At a time when other governments and businesses are trying to get as much information as possible, Chris Turner, author of The War on Science, told Steve Paikin that “this is a government that has deliberately over its 10 years in power, reduced the amount of information it considers when it make policy. It comes to a point of fundamental dislike and distrust of outside expertise.”

Mr. Turner added that the Harper government is not only suppressing information about how policy is formulated, but it is also attempting to prevent civil servants, senior bureaucrats and even junior MP's from saying things which were inconsistent with the government line.
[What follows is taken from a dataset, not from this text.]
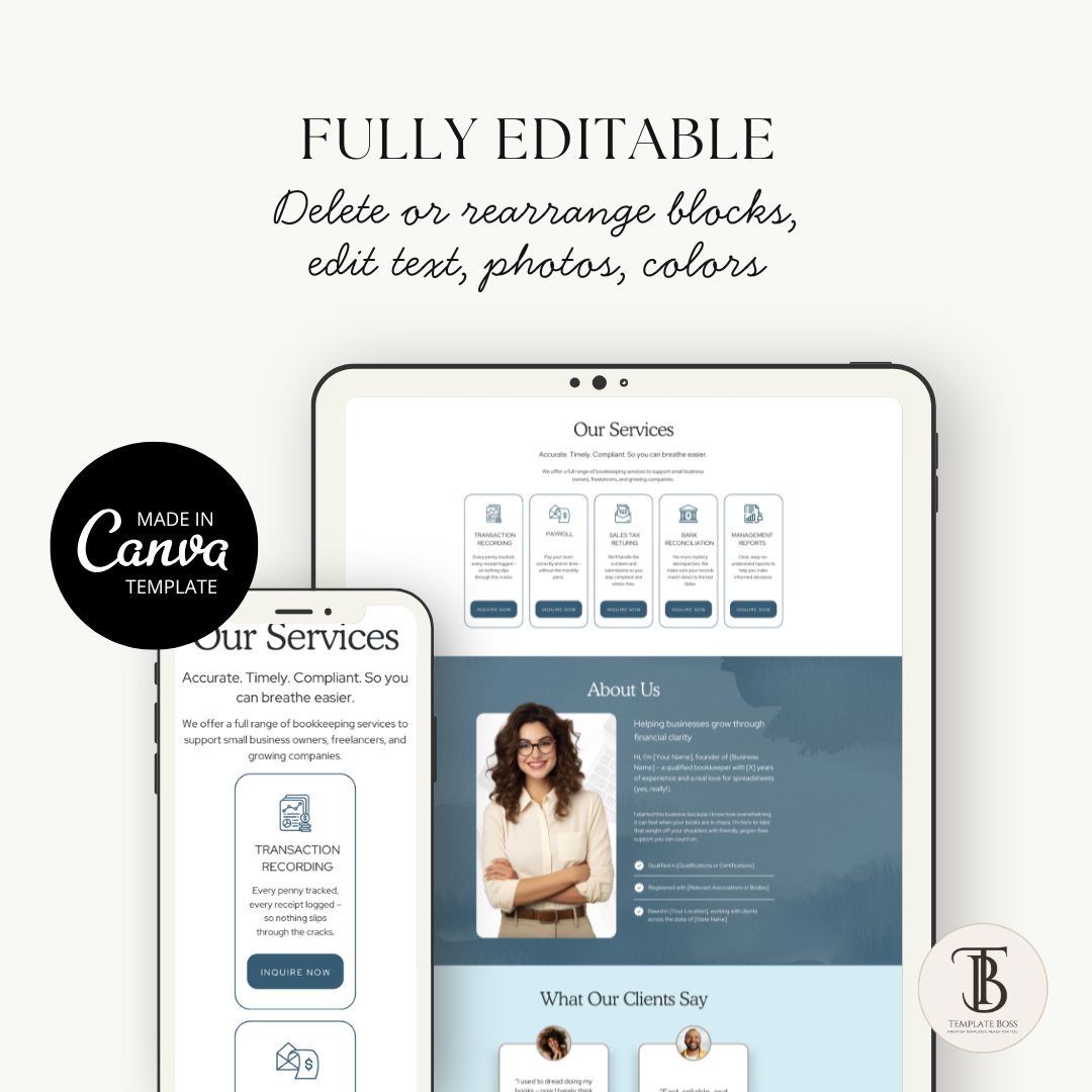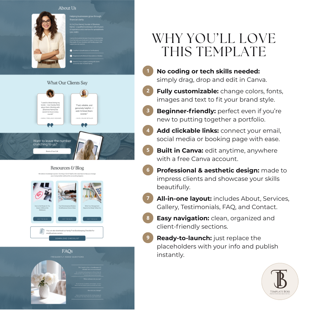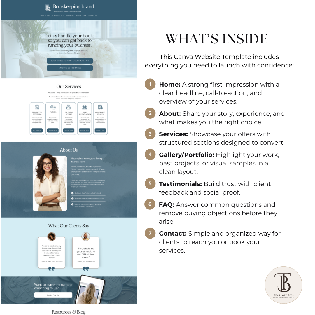 This Canva website template is built for bookkeepers, accountants, tax pros, and financial service providers who want a clean, credible online presence without hiring a designer.

Michael Den Tandt, national political columnist with the National Post, told the panel that the real danger in this is when you get policy making divorced from verifiable information. He gave the example of “The Safe Streets” legislation, which he said the government called, ”throwing heinous criminals away forever.”

“As we know from Stats Canada data, the violent crime rate in Canada has been dropping for 40 years, so if somebody has that information on and throws up a counter narrative, it makes it harder for the government to pass legislation on gut feeling; and a lot of what the Conservative government has done successfully for the last ten years is draft legislation based on gut feeling.
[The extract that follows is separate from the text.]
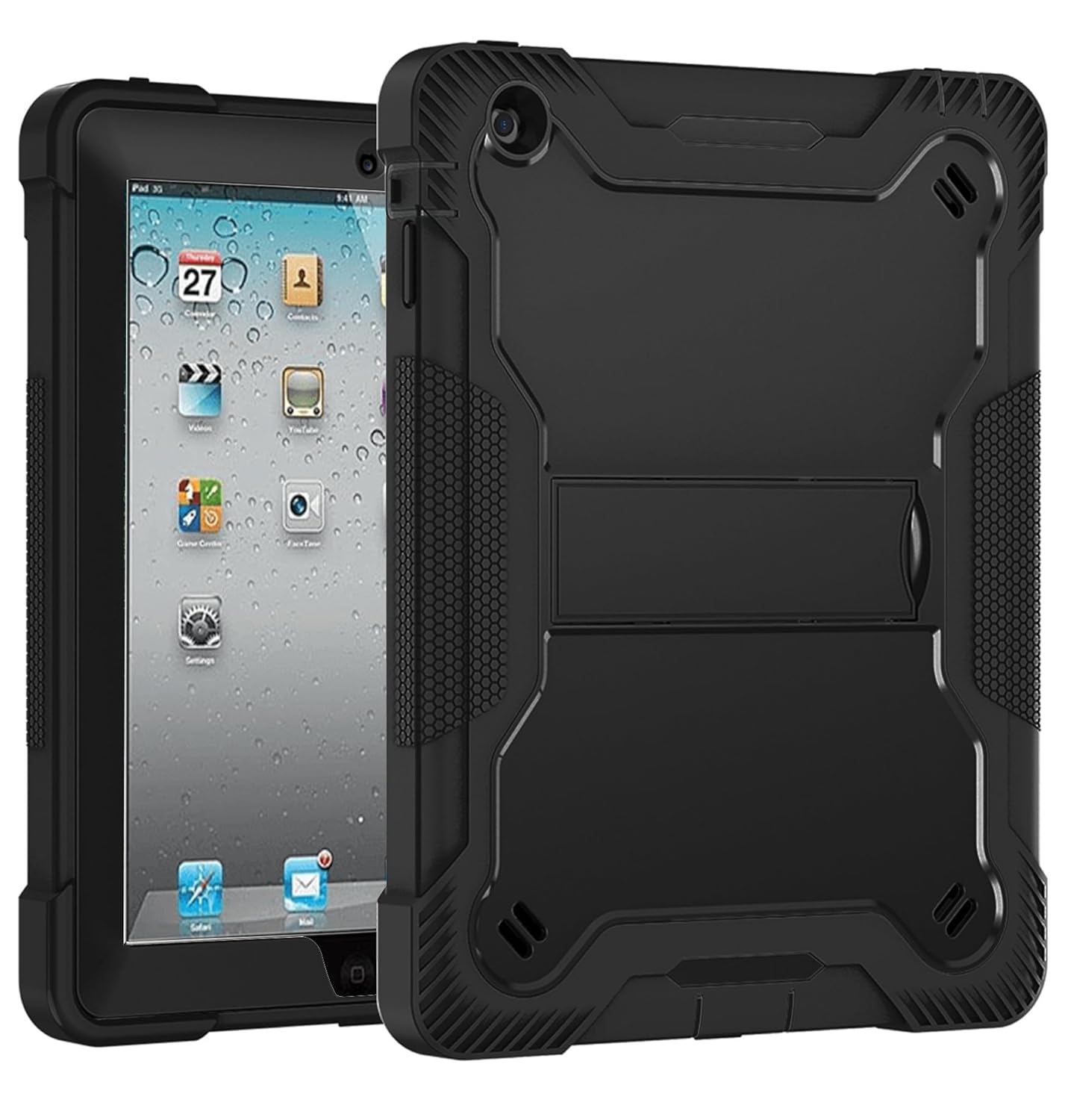 TGK Slim Heavy Duty Shockproof Protection Kickstand Hybrid Case Cover for iPad 3rd Gen 9.7 inch Black

Even if a new government takes power and restores the long-form census, Mr. Turner said much of the damage will remain. 

“You would still have this gap or hole and statisticians and other people who use this data are going to have to figure out how to cover over it. A lot of the scientific research this government has repressed. It's not that you can't start it up again; it's that you've really compromised the quality of it unnecessarily. There is going to be some lasting effects of having been so reckless with how the government gathers information."

Ms. Kingston  elaborated on Mr. Turner's comments. "We don't  have continuity with new numbers and old numbers, so that's all going to have to be recalibrated, in a sort of Orwellian sense, where we create our history as such ."

Mr. Den Tandt intimated that if this trend of controlling, deleting and modifying information continues, it may escalate in the future, compromising the rights of Canadians as a whole.

"Once we get into governments partnering with companies like Google and Facebook, that have enormous access to private data and are acquiring it now with no public oversight at all, then we're getting into really uncharted territory; and I think that should raise a lot of civil libertarian concerns."